[igt-dev] [PATCH i-g-t v2] tests: Add variable refresh rate tests

Wed Apr 15 15:09:19 UTC 2020

On 2020-04-15 9:00 a.m., Daniel Vetter wrote:
> On Tue, Apr 14, 2020 at 03:17:20PM -0400, Harry Wentland wrote:
>>
>>
>> On 2020-04-14 2:50 p.m., Daniel Vetter wrote:
>>> On Tue, Apr 14, 2020 at 3:00 PM Kazlauskas, Nicholas
>>> <nicholas.kazlauskas at amd.com> wrote:
>>>>
>>>> On 2020-04-14 6:52 a.m., Daniel Vetter wrote:
>>>>>> +/* Performs an asynchronous non-blocking page-flip on a pipe. */
>>>>>> +static int
>>>>>> +do_flip(data_t *data, enum pipe pipe_id, igt_fb_t *fb)
>>>>>> +{
>>>>>> +       igt_pipe_t *pipe = &data->display.pipes[pipe_id];
>>>>>> +       int ret;
>>>>>> +
>>>>>> +       igt_set_timeout(1, "Scheduling page flip\n");
>>>>>> +
>>>>>> +       /*
>>>>>> +        * Only the legacy flip ioctl supports async flips.

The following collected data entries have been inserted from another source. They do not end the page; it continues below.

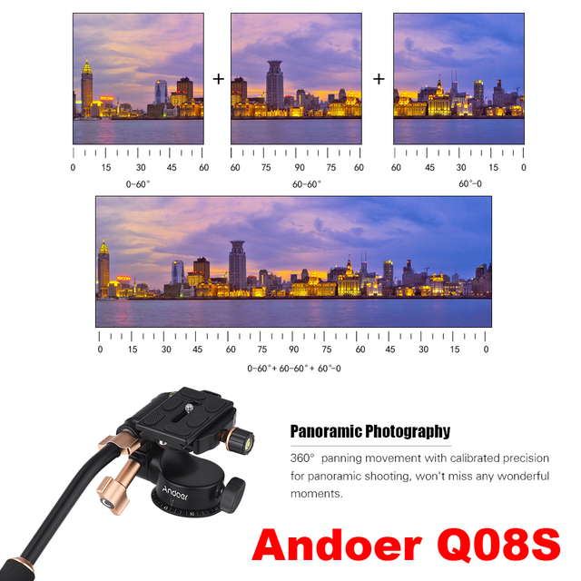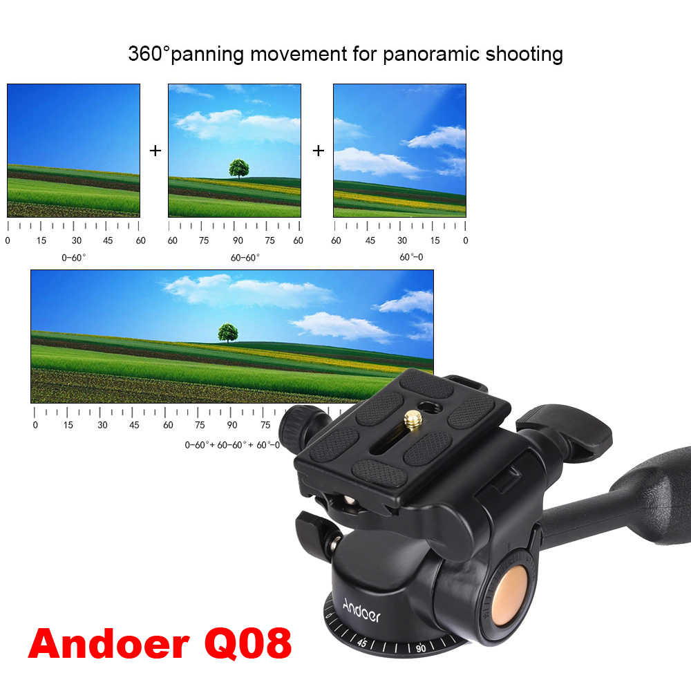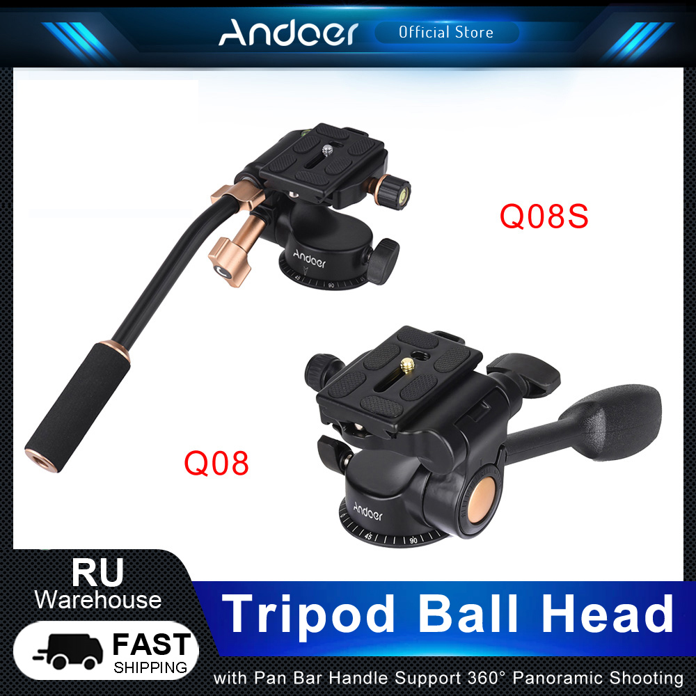 штативная головка Головка штатива Andoer Q08S/Q08, 3-ходовая амортизирующая головка из алюминиевого сплава, с быстроразъемной пластиной для DSLR-камер
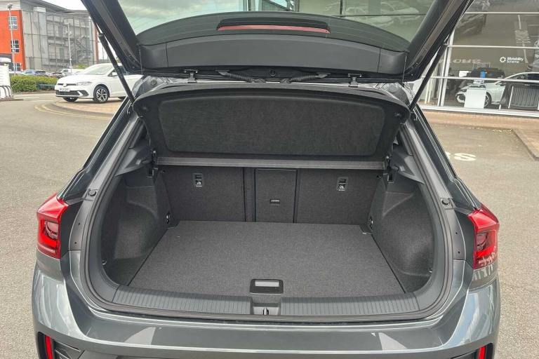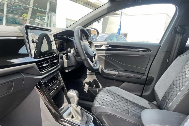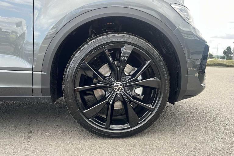Available from 30/09/2025. Volkswagen T-Roc Hatchback 1.5 TSI Black Edition 5dr DSG in Indium Grey With Black Roof. Specification Includes Exterior Features,Two tone metallic paint,Safety,Rear view camera,Wheels,19in Misano black diamond turned alloy wheels with low rolling resistance and anti theft wheel bolts,Paint - Metallic,Metallic - Indium grey with black roof,Exterior Features,Front windscreen wiper with intermittent wipe and 4 position delay,Heated rear window,Power windows with comfort operation and circuit breaker,Rain sensor,Rear wash/wipe with intermittent wipe setting,Rear shock absorption chassis with increased ride height,Extended roof spoiler,External USB type C socket and charging sockets,Illuminated front grille,R-Line design body coloured bumpers,Rear exhaust tailpipe,Rear side wing doors,Automatic hazard lights activation under emergency braking,Automatic headlight control with LED separate daytime running lights with coming/leaving home function,Dynamic cornering light,IQ LED matrix headlights,LED 3rd brake light,LED rear number plate lights,LED rear tail lights with dynamic turn signal,Light mode for poor weather- rain- fog or snow,Rear fog light on one side and reversing lights on both sides,Safety,ABS,City emergency braking and pedestrian monitoring,Electronic parking brake,Electronic Stability Control (ESC) inc EDL (Electronic Differential Lock) and ASR (Traction Control),Front disc brakes,Hill start assist,Rear disc brakes,Volkswagen roadside assistance,Advanced driver attention and drowsiness monitor,Lane keeping system Lane Assist,Modified key software - reduce switch off time for key status change to Long no motion,Park assist including front and rear parking sensors,Power assisted speed sensitive steering,Auto dimming interior rear view mirror,Electrically adjustable and heated door mirrors,Exterior mirrors aspherical on driver side- convex on front passenger side,Remote electrically foldable door mirrors- puddle lights and reverse activated passenger's door mirror,3 point height adj front seatbelts + pretensioners,3 point seatbelts in outer rear with ECE label,Child locks on rear doors,Driver and front passenger airbag with front passenger airbag deactivation,Driver and front passenger safety-optimised head restraints,Drivers seatbelt reminder,Front and rear passengers curtain airbag system including front side airbags,Predictive pedestrian protection,Two tone horn,Tyre pressure loss indicator,Interior Features,Front + rear
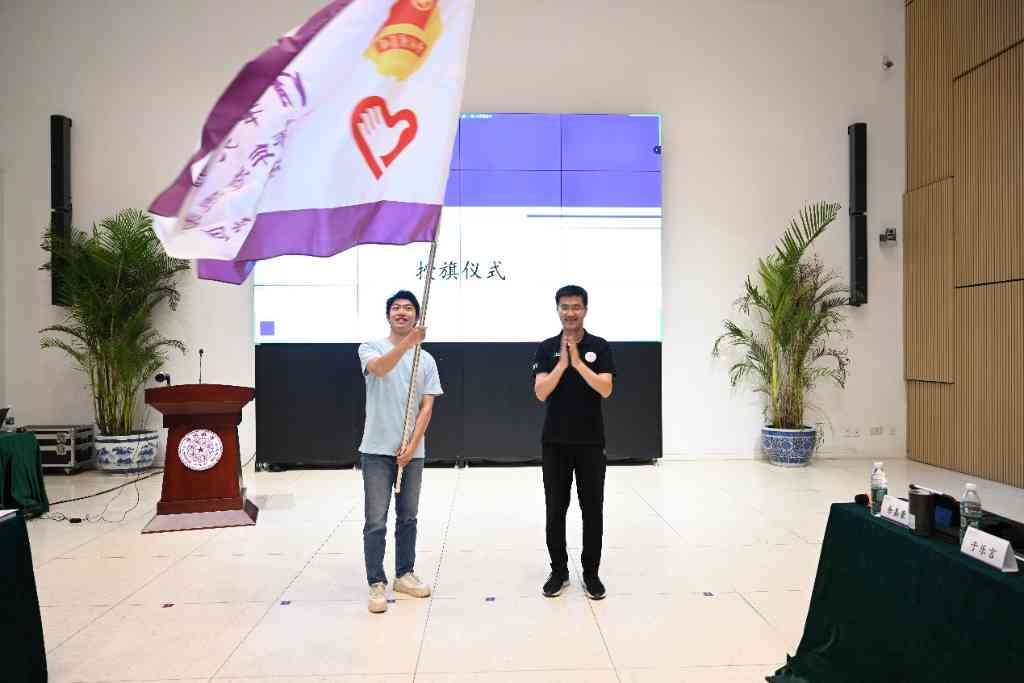 过勇向第二十六届研究生支教团志愿者代表授旗。

>>>>>> +        * It's also non-blocking, but returns -EBUSY if flipping too fast.
>>>>>> +        * 2x monitor tests will need async flips in the atomic API.
>>>>>> +        */
>>>>>
>>>>> Uh, if this is also how your amdgpu userspace works we've just fucked
>>>>> up the uapi for good :-/
>>>>>
>>>>> FLIP_ASYNC = please tear
>>>>>
>>>>> VRR = please don't strictly obey the vrefresh, but very much dont tear
>>>>>
>>>>> Tying them together means we're deeply mixing things up.
>>>>>
>>>>> Also amdgpu is still using it's own flip implementation, which makes
>>>>> me wonder whether VRR would even work with atomic, or whether that's
>>>>> also butchered ...
>>>>>
>>>>> How I thought this stuff was supposed to work:
>>>>>
>>>>> - VRR_ENABLED controls whether we do VRR
>>>>> - since atomic is awesome you can change that on every frame
>>>>> - VRR has nothing to do with ASYNC
>>>>>
>>>>> So a) do I read this correctly b) how do we get out of this hole (and
>>>>> maybe c) amdgpu really needs to remove
>>>>> amdgpu_display_crtc_page_flip_target asap).
>>>>>
>>>>> Manasi pointed this out to me, so adding a few more people here.
>>>>> -Daniel
>>>>
>>>> Adaptive sync is an extended front porch that ends upon some signaling
>>>> from the driver is almost always tied to a page flip.
>>>>
>>>> FLIP_ASYNC is a mechanism to flip immediately without waiting for any
>>>> double buffering from the driver or hardware, potentially causing tearing.
>>>>
>>>> This test uses FLIP_ASYNC to precisely position when the flip occurs
>>>> from userspace within the VBLANK to end the frame at the midpoint
>>>> between the min and max range.
>>>>
>>>> But it doesn't really need to be FLIP_ASYNC to make this work, explicit
>>>> fencing is probably the better solution here for all drivers.
>>>
>>> Ok, I freaked out for a bit there, and reading amdgpu DC code didn't
>>> really help with convincing me it's not needed - you're still using
>>> your own page_flip_target handler instead of the one in the helpers
>>> (written by amd people even, and for a few features before VRR), so
>>> biggest worry I had was that VRR doesn't work without FLIP_ASYNC set.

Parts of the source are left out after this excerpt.